# TASK BRIEF:
Retype the records word for word. Skip every image.

# EXERCISE MATERIALS:
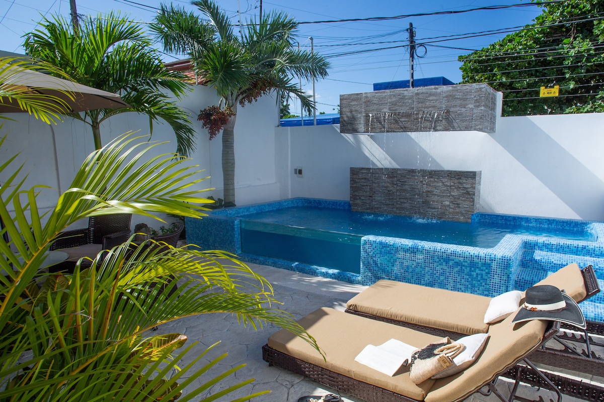 ♥凉爽的蓝色♥私人水疗泳池/坎昆市中心/烧烤架
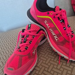 Puma fotbollsskor i lila och orange, storlek 34
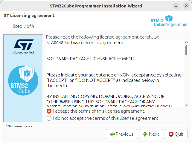 $ ./SetupSTM32CubeProgrammer-2.12.0.linux
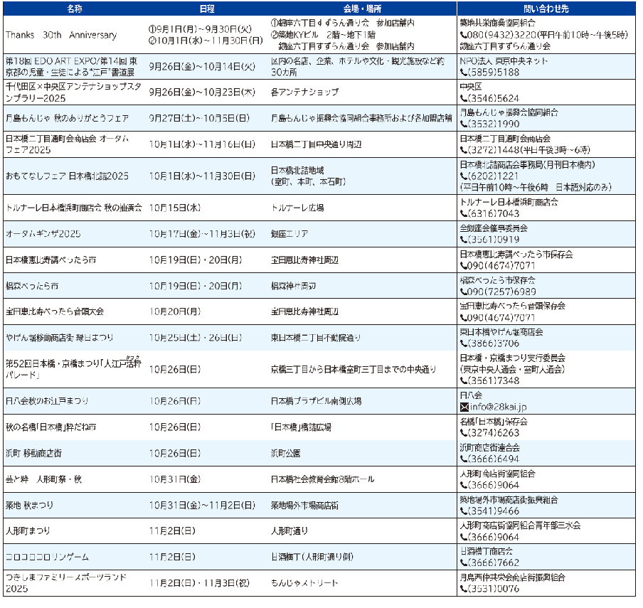 問合せ:中央区観光商業まつり実行委員会事務局(商工観光課内)
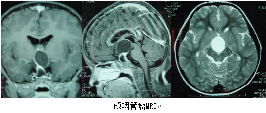 颅咽管瘤是指发生于颅咽管残余上皮细胞的肿瘤,是常见的先天性肿瘤,约占60%,占颅内肿瘤的5%—6%。为良性肿瘤,可见任何年龄,以儿童及青年多见,男女比例约为2:1。临床表现主要为头痛、呕吐、视力减退、视野缺损及视神经萎缩;发育迟缓,性功能障碍,女性月经不调、闭经、不孕,男性性欲减退、阳萎;体温调节失常、多饮、多尿、消瘦、精神异常;向邻近生长者可有偏瘫、感觉减退等相应压迫症状、体征。手术治疗为首选,年龄越小,越易全切,并发症越少,故早诊早治是关键。

# SOLUTION:
 ♥凉爽的蓝色♥私人水疗泳池/坎昆市中心/烧烤架
 Puma fotbollsskor i lila och orange, storlek 34
 $ ./SetupSTM32CubeProgrammer-2.12.0.linux
 問合せ:中央区観光商業まつり実行委員会事務局(商工観光課内)
 颅咽管瘤是指发生于颅咽管残余上皮细胞的肿瘤,是常见的先天性肿瘤,约占60%,占颅内肿瘤的5%—6%。为良性肿瘤,可见任何年龄,以儿童及青年多见,男女比例约为2:1。临床表现主要为头痛、呕吐、视力减退、视野缺损及视神经萎缩;发育迟缓,性功能障碍,女性月经不调、闭经、不孕,男性性欲减退、阳萎;体温调节失常、多饮、多尿、消瘦、精神异常;向邻近生长者可有偏瘫、感觉减退等相应压迫症状、体征。手术治疗为首选,年龄越小,越易全切,并发症越少,故早诊早治是关键。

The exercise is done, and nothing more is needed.